One of Elaine Garrett’s slides described The Sacred and the Superfund about Nanabozho’s twin, who is “committed to imbalance. He had learned the interplay of creation and destruction and rocked it like a boat on a choppy sea to keep people out of balance. He found the arrogance of power could be used to unleash unlimited growth, an unrestrained cancerous sort of creation that would lead to destruction.” The sacred Onondaga Lake is one of nine polluted Superfund sites in the Syracuse area.

Elaine said reading the book changed her tremendously, emotionally and spiritually.  Elizabeth Gilbert wrote of the book: “Robin Wall Kimmerer is a writer of rare grace.
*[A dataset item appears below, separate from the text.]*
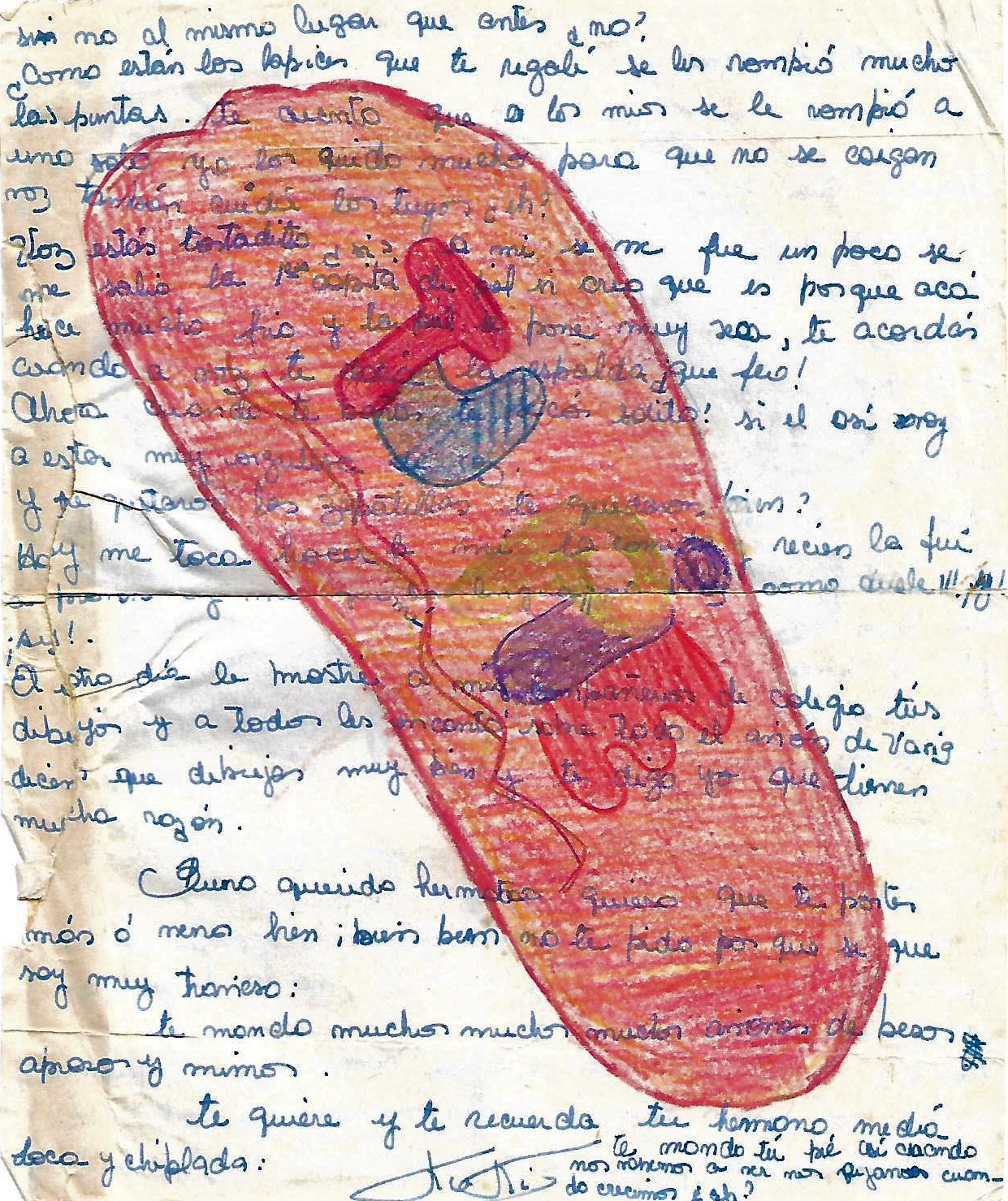 👆 Foto de portada: La carta que Verónica Cabilla escribió sobre el contorno del pie de su hermanito Mariano. El dibujo lo hizo la última vez que se vieron. Luego escribió la carta, poco antes de su secuestro y desaparición. (Gentileza de Ana María Ávalos para El Diario del Juicio)
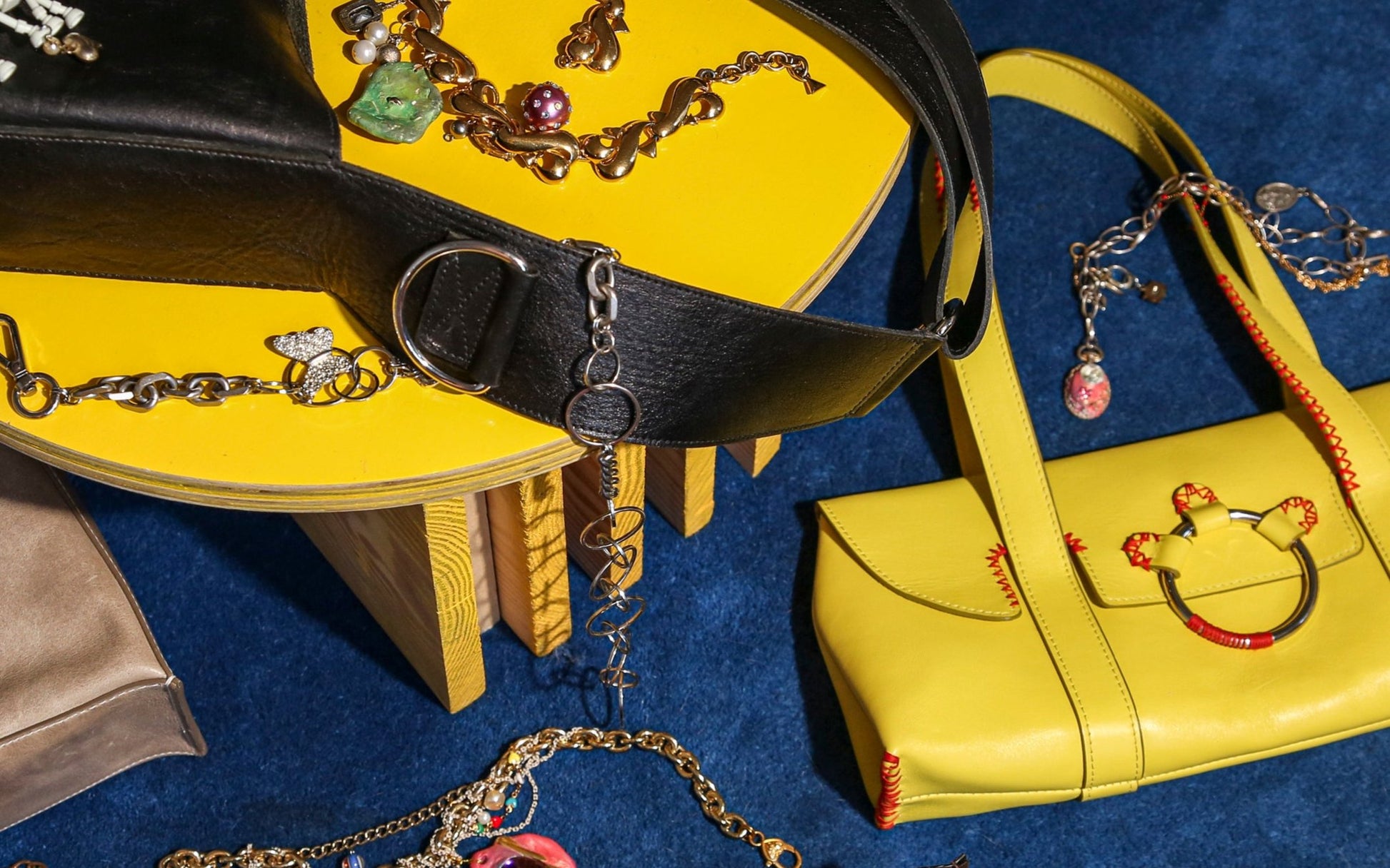 One of one neon cowhide and pig suede interior with interior back wall packet. Hand embroidered with red embroidery floss.

She writes about the natural world from a place of such abundant passion that one can never quite see the world in the same way after having seen it through Kimmerer’s eyes. In Braiding Sweetgrass, she takes us on a journey that is every bit as mythic as it is scientific, as sacred as it is historical, as clever as it is wise. She is a great teacher, and her words are a hymn of love to the world.”

I need to add it to my never-ending pile of books.